Publié le 9 Octobre 2012 par ruraledeprose

Un Repas en hiver, roman : la barbarie simplement humaine

 

Ce récit-roman est l’éloge de la lenteur. Ce qui n’est pas écrit exprime au mieux une réalité dans son décor de neige, de solitude, d’odeur de mort. Les personnages, que l’on compte sur les doigts d’une main, déambulent dans un monde décharné. Mis à part le Polonais, ce sont des zombies du nazisme, la conséquence des ordres donnés, reçus et obéis, bourreaux et victime. Lentement, très lentement, deux soldats tout d’abord, nous apprennent leur certitude d’absence de dénouement à leur cauchemar de malheur, ce temps stoppé, intemporel, glacial, qui ralentit même le corps.

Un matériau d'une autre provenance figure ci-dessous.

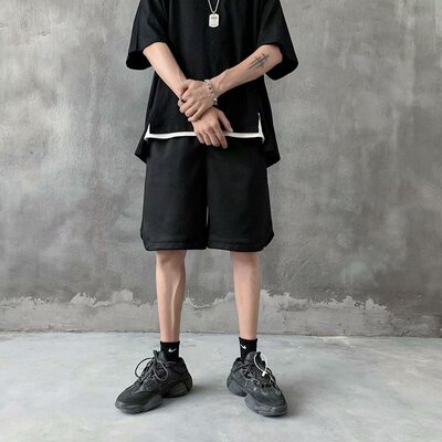 Hong Kong style retro trend men's loose sports shorts and new summer dark line casual pants

Sans autre but que de ramener du gibier humain, ils errent emitoufflés et rencontreront une humanité dépouillée : un juif tapi dans une cabane de fortune. Le feu allumé par ces soldats à grand peine, le repas chaud qu’ils pourront prendre, dessinent un regain d’humanité dans leurs menus propos. Un polonais arrivera plus tard. Le récit n’encombre pas plus qu’eux-mêmes tant sont chiches le dialogue, les descriptions. Mais, là est la force de l’auteur, dans ce dénuement où groupissent les personnages : il leur assure d’une écriture concise une rédemption de l’intention : les soldats partageront le repas avec le juif éberlué et le polonais mal à l’aise. Le temps de la fusion des flammes dans la cheminée, les soldats essaient de savoir si leur butin, ce juif, ils vont le ramener au camp où il sera exécuté et cela incluant qu’après bonne chasse à l’homme, ils pourront repartir, sortir de l’horreur des exécutions pour y retourner à nouveau. Ou bien épargner cet homme pour se souvenir de l’avoir fait une fois, de s’en rassurer lorsqu’ils auraient encore à traquer et à exécuter le fruit de leur chasse. Sans sciller, l’écriture porte au coeur, met à nu le mécanisme implacable de l’idéologie acceptée, de l’acceptation de la barbarie, une barbarie étonnante de simplicité humaine.

 

 

Patrick Pérez Sécheret

 

Un Repas en hiver, Hubert Mingarelli, Stock.